Saturday, December 18, 2010

Foreign Companies and Grain Politics

China's imports of agricultural commodities are rising. It's only natural that a country with over 20% of the world's population and 9% of the world's land will import food. However, the process of China's transition to an agricultural importing nation is complicated and fraught with potential conflict. There are a lot of vested interests in China that don't like it. The growing presence of multinational companies that do not have a national identity is a threat to the emerging nationalistic alliance between big Chinese companies and government that is emerging as China's strategy for carrying out policies and development plans.

A steady stream of articles in the Chinese press express fears of foreign companies monopolizing the Chinese markets for agricultural commodities. This week another article, "Foreign Investment Penetration Expanding; Domestic Companies Face Severe Challenges", on the cn.grain.com.cn web site offers some more insights about the Chinese narrative about the perceived foreign company threat.

The author cites a surge in foreign companies entering the grain and oils processing sector dating to China's WTO accession [in December 2001]. In 2009, there were 444 foreign companies with over 71 mmt of processing capacity. The author describes a pattern in which foreign companies first targeted the soybean-crushing industry after China's WTO accession and are now using their profits from that industry to branch out into other kinds of grain processing, as well as up-stream and down-stream activities to control the entire industry chain from seeds and fertilizer through processing, logistics, marketing, and retail.

Particularly troubling for the author is that Wilmar, a Singapore company, has begun purchasing rice and wheat from farmers in the last two years. The company has formed arrangements with local grain companies and warehouses to buy raw grain and pays a premium price. [The cngrain.com.cn website ran two very similar articles this year describing Wilmar's business in Henan and Jiangxi.] The report says Louis Dreyfus has begun purchasing wheat recently too. The report complains that the foreign companies have plentiful cash and aren't worried about short-term profit since their objective is to grab market share. This puts the Chinese companies at a serious disadvantage.

The report acknowledges that the premium prices paid by foreign companies are good for farmers "in the short run," but in the long run the author views it as unfavorable for the stable development of the grain market. The presence of foreign companies "makes it hard for the state to control grain markets."

The report recounts a commonly-repeated story about how foreign companies grabbed control of the soybean processing industry. In 2004, some companies allegedly "used futures markets to drive the soybean price higher." After Chinese companies had bought soybeans, "the foreigners then drove the price back down, bankrupting half of the Chinese edible oil companies." The foreign companies then stepped in to buy up the Chinese companies.

The report says that after gaining control of the soybean industry, the foreign companies then "raised prices several times, one of the factors contributing to China's increasing inflation in recent years."

The report warns that foreign companies are now using their profits from the vegetable oil industry to begin spreading their dominance to rice and wheat markets. Supposedly, Wilmar has formed a strategic plan that began with operations in Jiamusi, an important rice-growing area in Heilongjiang Provinces, and plans to radiate out to the entire country. Wilmar has begun rice business in Jiangxi and Anhui and is believed to be preparing to expand into Hunan, "basically completing its nationwide layout."

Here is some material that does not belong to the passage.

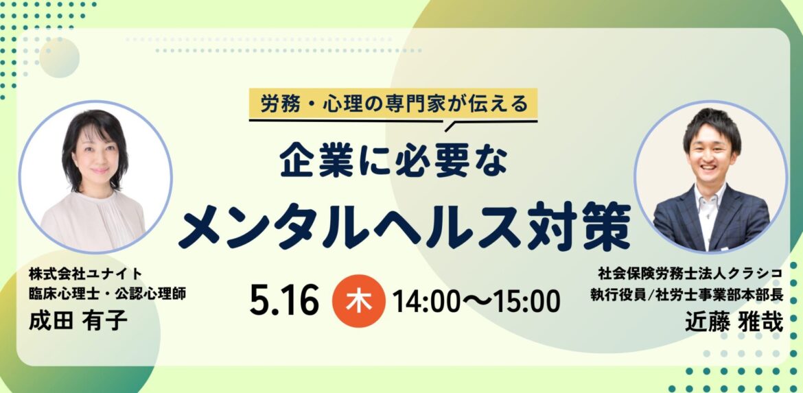 【5月16日開催】労務・心理の専門家が伝える!企業に必要なメンタルヘルス対策

The author warns that the "ABCD" companies (ADM, Bunge, Cargill, Louis Dreyfus) are forming entire industry chains "with the objective of monopoly control." He warns that foreign seed companies are developing rice breeds and a type of corn seed developed by a foreign joint venture is now used for about 10% of the corn plantings in Jilin Province. Wilmar has set up a fertilizer company in Shandong.

The report continues by citing examples of how the big multinationals have dominated the soybean market in Brazil and alleges that Argentina, after adopting American genetically-modified soybean seeds and pesticides "lost control of its soybean industry in less than 10 years."

Finally, the report plays the "food security" card. Grain, the author says, is a strategic commodity, basic to peoples' living standard and social harmony. In the long-term, foreign companies' control of the grain market is not just an eating issue, it is a political issue.